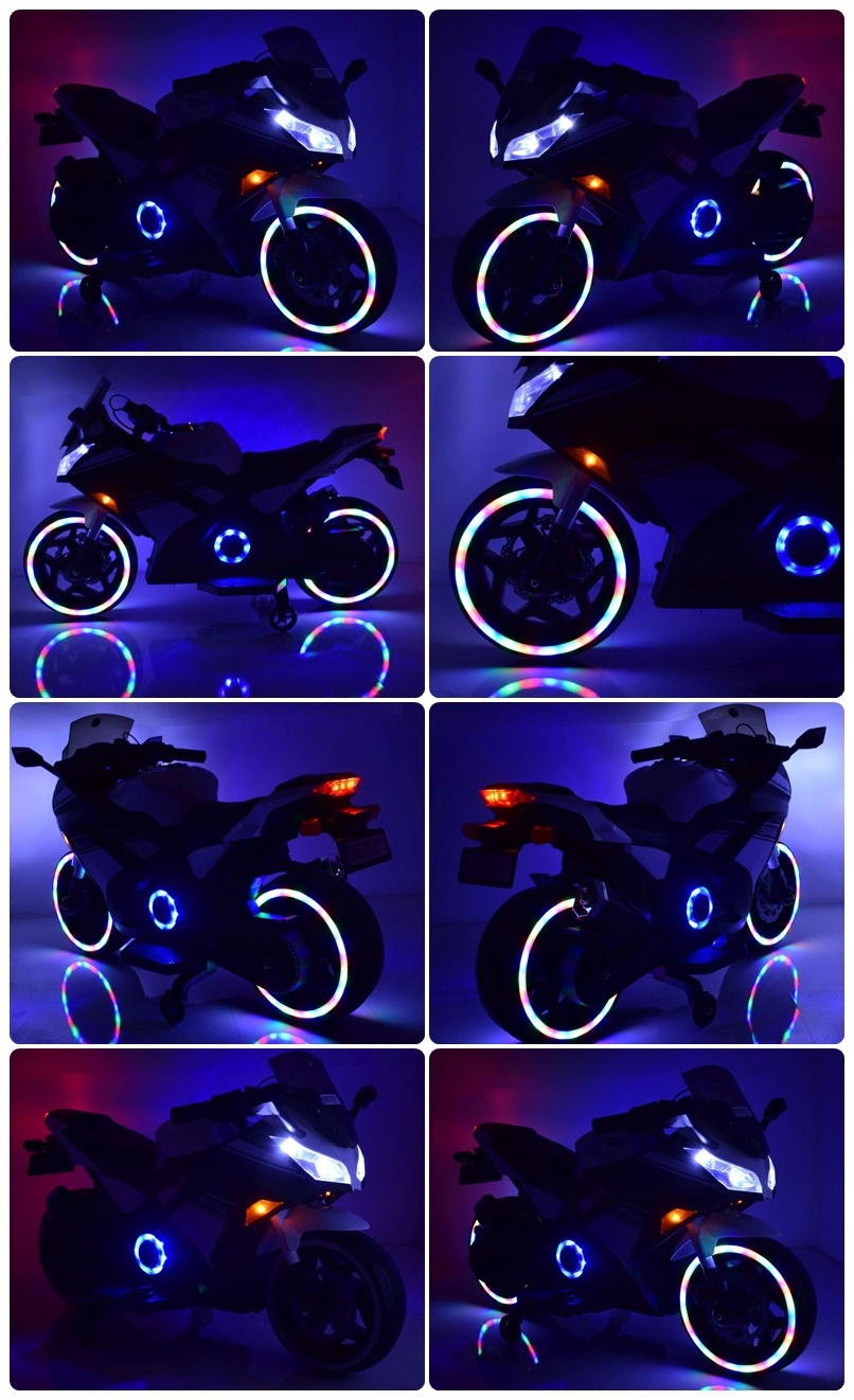 Панель со звуками (звуки мотоцикла) с USB и входом Aux и освещением транспортных средств (огни и светящимися колесами) сделает удовольствие более приятным.
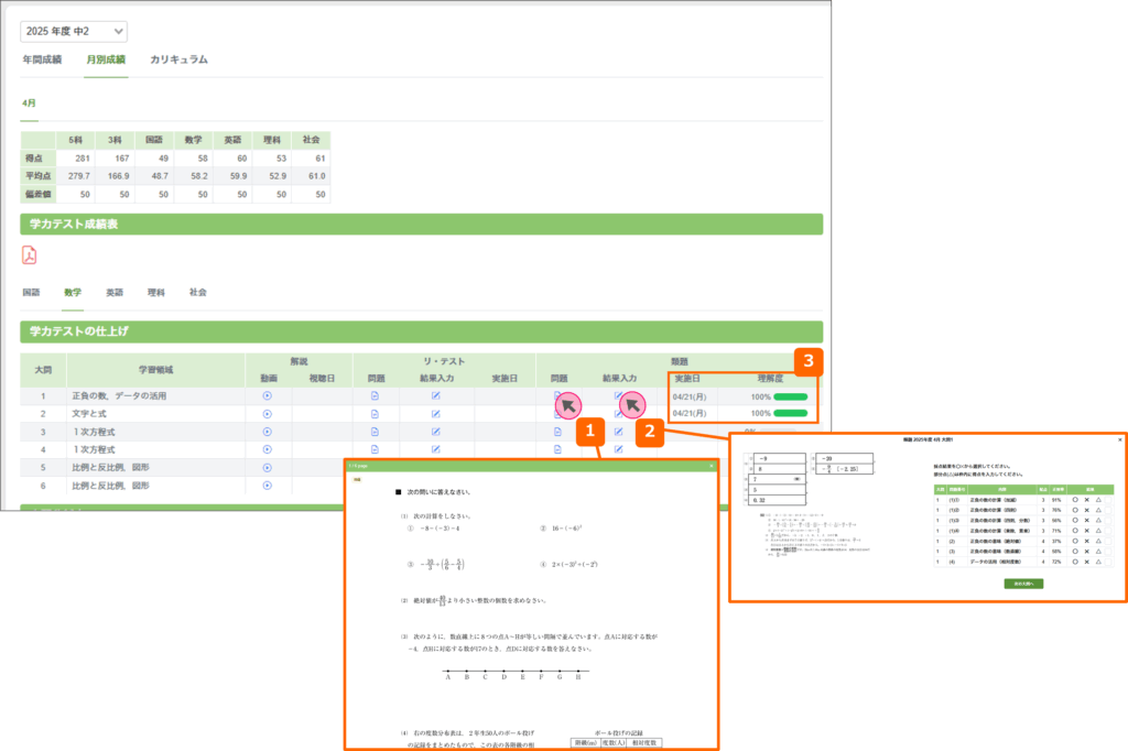 また結果内容は(得点/配点)×100 で算出し、理解度として表示されます。
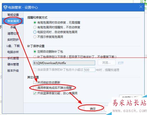 3、在【設置中心】界面下,點擊選擇【修復漏洞】-->勾選【漏洞修復完成后不彈出提醒】選項-->【確定】完成設置。(如圖所示)
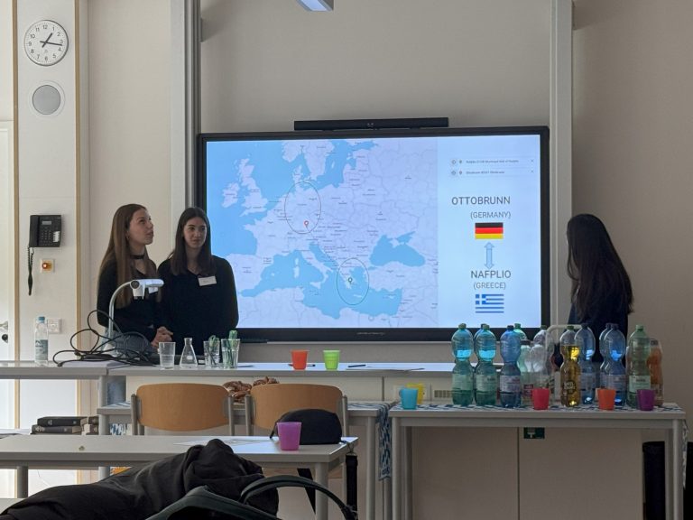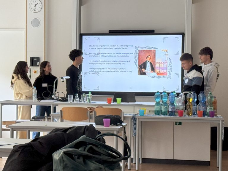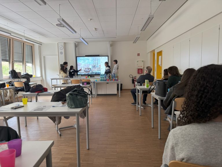Um 13 Uhr fanden dann für interessierte Schülerinnen und Schüler sowie Lehrkräfte der CSM eigens mitgebrachte Vorträge der griechischen Schüler statt. Die Präsentationen beinhalteten zum Einen die bayerisch-griechische Geschichte um König Otto I. von Griechenland und zum Anderen wurde unsere Partnergemeinde Nafplio als auch die Schule (Gel 2) vorgestellt. Um Verständnisschwierigkeiten zu umgehen, wurden diese im perfekten Englisch vorgetragen und man sah, dass sich die Schüler bei der Erstellung der Präsentationen viel Wissen angeeignet hatten.

■ ■ ■ ■

**Action item:** All the material above must be copied exactly, and no picture belongs in the copy.

**Answer area:**
 Панель со звуками (звуки мотоцикла) с USB и входом Aux и освещением транспортных средств (огни и светящимися колесами) сделает удовольствие более приятным.
 また結果内容は(得点/配点)×100 で算出し、理解度として表示されます。
 3、在【設置中心】界面下,點擊選擇【修復漏洞】-->勾選【漏洞修復完成后不彈出提醒】選項-->【確定】完成設置。(如圖所示)
Um 13 Uhr fanden dann für interessierte Schülerinnen und Schüler sowie Lehrkräfte der CSM eigens mitgebrachte Vorträge der griechischen Schüler statt. Die Präsentationen beinhalteten zum Einen die bayerisch-griechische Geschichte um König Otto I. von Griechenland und zum Anderen wurde unsere Partnergemeinde Nafplio als auch die Schule (Gel 2) vorgestellt. Um Verständnisschwierigkeiten zu umgehen, wurden diese im perfekten Englisch vorgetragen und man sah, dass sich die Schüler bei der Erstellung der Präsentationen viel Wissen angeeignet hatten.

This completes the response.